[mlpack-svn] [MLPACK] #344: Using Welford method to calculate variance in Naive Bayes Classifier

Mon Apr 14 16:37:38 EDT 2014

#344: Using Welford method to calculate variance in Naive Bayes Classifier
-----------------------------------+----------------------------------------
  Reporter:  akvah                 |        Owner:  rcurtin 
      Type:  enhancement           |       Status:  accepted
  Priority:  minor                 |    Milestone:          
 Component:  mlpack                |   Resolution:          
  Keywords:  variance calculation  |     Blocking:          
Blocked By:                        |  
-----------------------------------+----------------------------------------
Changes (by rcurtin):

  * owner:  => rcurtin
  * status:  new => accepted

Comment:

 Hi Vahab,

 Thank you for the contribution.  I refactored it slightly; the updated
 patch is attached.  If you can make sure I haven't broken anything, I'd
 appreciate it.

 Unfortunately, what I found was that the patched code, while more robust,
 takes approximately 3x as long for training.  Here are my results for two
 datasets:

  * isolet (617x7797): ~0.01s training pre-patch, ~0.03s training post-
 patch
  * randu (10x1000000): ~0.05s training pre-patch, ~0.15s training post-
 patch

 I ran both of those enough times to account for timing variance.

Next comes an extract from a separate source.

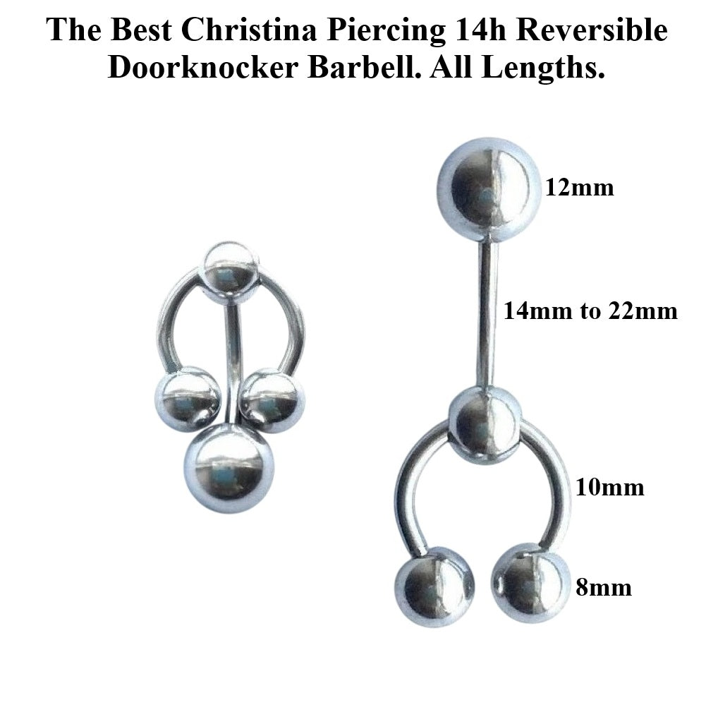 Surgical Steel CHRISTINA 14g Barbell with 1/2" Heaviest Ball Reversible Doorknocker.

 So, can we find a way to increase the speed of the Wellford method to be
 closer to the previous implementation?  Alternately, another option is to
 have the user specify which method should be used; or, perhaps an error
 can be detected when using the original calculation, and then the Wellford
 method could be used.  What do you think?

 Thanks,

 Ryan

-- 
Ticket URL: <https://trac.research.cc.gatech.edu/fastlab/ticket/344#comment:1>
MLPACK <www.fast-lab.org>
MLPACK is an intuitive, fast, and scalable C++ machine learning library developed at Georgia Tech.